- Title card
- Genre: Parody; Police procedural;
- Created by: Zucker, Abrahams and Zucker
- Written by: David Zucker; Jim Abrahams; Jerry Zucker; Tino Insana; Nancy Steen; Neil Thompson; Robert Wuhl;
- Starring: Leslie Nielsen; Alan North; Peter Lupus; Ed Williams; William Duell;
- Narrated by: Leslie Nielsen
- Theme music composer: Ira Newborn
- Opening theme: "Theme from Police Squad!"
- Composer: Ira Newborn
- Country of origin: United States
- Original language: English
- No. of seasons: 1
- No. of episodes: 6

Production
- Executive producers: David Zucker; Jim Abrahams; Jerry Zucker;
- Cinematography: Sherman Kunkel
- Editors: Tom Benko; Malcolm Campbell;
- Camera setup: Single-camera
- Running time: 24–25 minutes
- Production company: Paramount Television

Original release
- Network: ABC
- Release: March 4 – July 8, 1982

Related
- The Naked Gun film series

= Police Squad! =

1982 American television crime comedy series

Police Squad! is an American television series created by David Zucker, Jim Abrahams, and Jerry Zucker for the American Broadcasting Company. It stars Leslie Nielsen as Frank Drebin and Alan North as Captain Ed Hocken. A spoof of police procedurals and many other television shows and movies, the series features Zucker, Abrahams and Zucker's usual sight gags, wordplay, and non sequiturs. It resembles the Lee Marvin police show M Squad (in particular the opening credits) and the late 1960s series Felony Squad. Airing from March 4 to July 8, 1982, it was canceled after six episodes, though it was followed by the critically successful The Naked Gun film series from 1988 to 1994, along with the 2025 legacy sequel The Naked Gun.

==Overview==
Police Squad! was created by David Zucker, Jim Abrahams, and Jerry Zucker (ZAZ), who had previously worked on the films The Kentucky Fried Movie (1977) and Airplane! (1980). ZAZ wanted to make another spoof film similar to Airplane!, using the television series M Squad as a basis for the spoof. Lacking an overarching plot for the concept, Paramount Pictures president Michael Eisner instead secured them a six-episode television series, despite ZAZ wanting to make it into a film.
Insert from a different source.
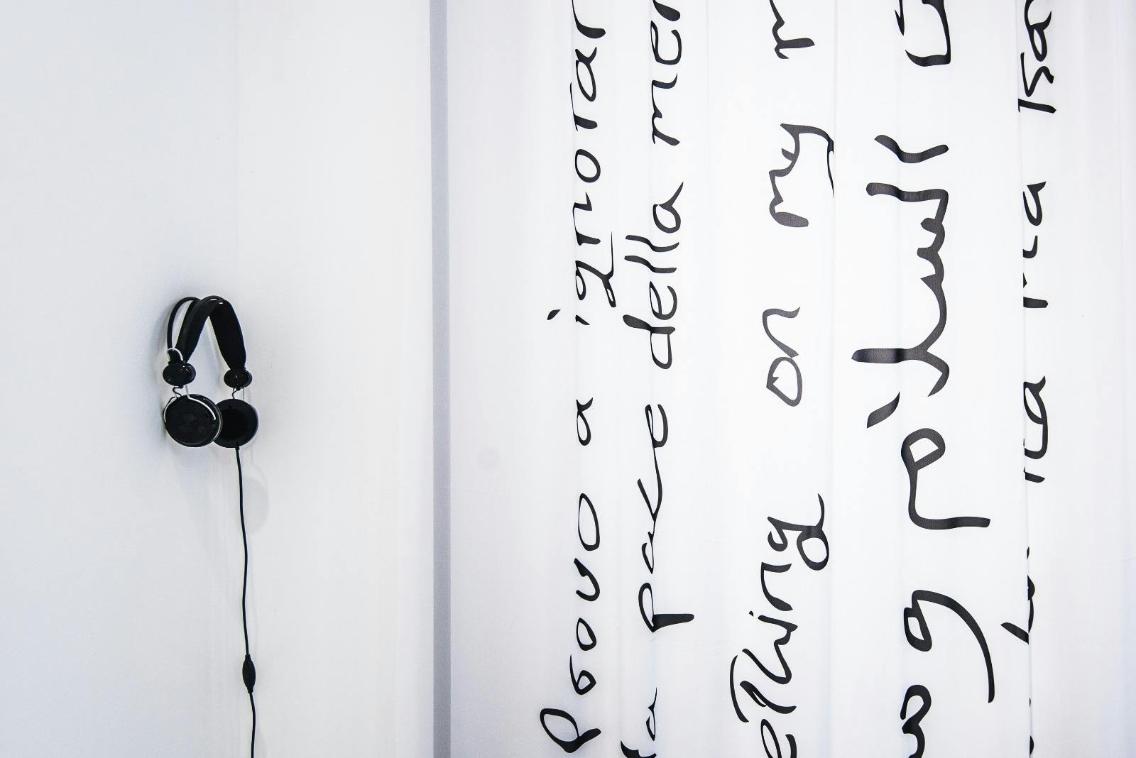 In the work, the artist handwrote some lines from the song, translating them into Mandinka and Italian, accompanied by an audio file that allows visitors to listen to the song through an MP3 player with headphones.

The show aired as a mid-season replacement in March 1982, but was taken off the schedule after four episodes. The remaining two episodes were dumped onto the summer schedule in place of the usual summer reruns. Against critical acclaim, the show was canceled by ABC. The show gained a strong cult following through repeat broadcasts on cable channels.
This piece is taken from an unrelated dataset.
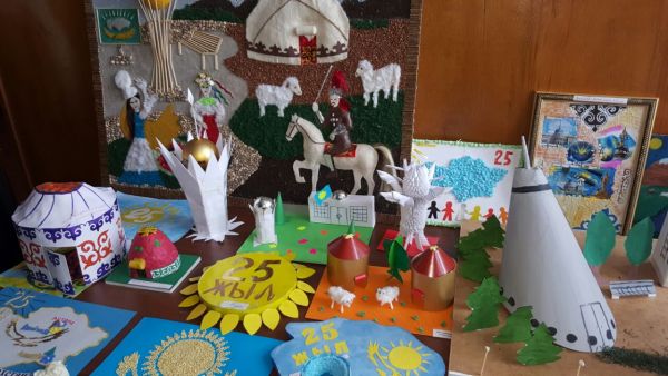 Қазақстан Республикасы Тәуелсіздігінің 25 жылдығын мерекелеу барысында мектепте 1-11 сыныптар арасында "Менің Тәуелсіз Қазақстаным" тақырыбында суреттер мен қолдан жас…

Alan North played Captain Ed Hocken, and Peter Lupus co-starred as Officer Norberg. In the films, those roles were played by George Kennedy and O. J. Simpson respectively, with Norberg renamed Nordberg. The only actors who reprised their roles in the films are Leslie Nielsen, Ed Williams as scientist Ted Olson, and Ronald "Tiny Ron" Taylor as the very tall Al. Joyce Brothers played herself in the fourth episode and in The Naked Gun: From the Files of Police Squad!. Robert Goulet, one of the "special guest stars" killed during the title sequence, plays the villain Quentin Hapsburg in The Naked Gun 2½: The Smell of Fear.

==Cast==
- Leslie Nielsen as Frank Drebin, detective lieutenant of Police Squad. Jerry Zucker explained that the name Drebin was picked blindly from the phone book. Zucker, Abrahams, and Zucker had met Nielsen when working on Airplane! (1980) and decided that their kind of humor matched. The team said that Nielsen would be perfect as Drebin, as the character lampooned the roles that Nielsen had played in television dramas such as The Bold Ones: The Protectors and S.W.A.T.
- Alan North as Ed Hocken, captain of Police Squad and Drebin's superior officer. in The Naked Gun film series, the role was played by George Kennedy.
- Peter Lupus as Norberg, a dimwitted officer who serves under Drebin. In The Naked Gun films, the character was slightly renamed to "Nordberg" and was played by O.J. Simpson.
- Ed Williams as Ted Olson, a lab technician at Police Squad. Prior to being cast, Williams had been a science teacher for many years and had some previous acting experience. Zucker, Abrahams, and Zucker were amazed by his performance.
- William Duell as Johnny the Snitch, a shoeshiner who acts as an informant for Drebin on multiple cases. Johnny is the only recurring character from Police Squad! to not appear in any of The Naked Gun films.
- Ronald "Tiny Ron" Taylor as Al, an abnormally tall officer whose head is always placed out of frame.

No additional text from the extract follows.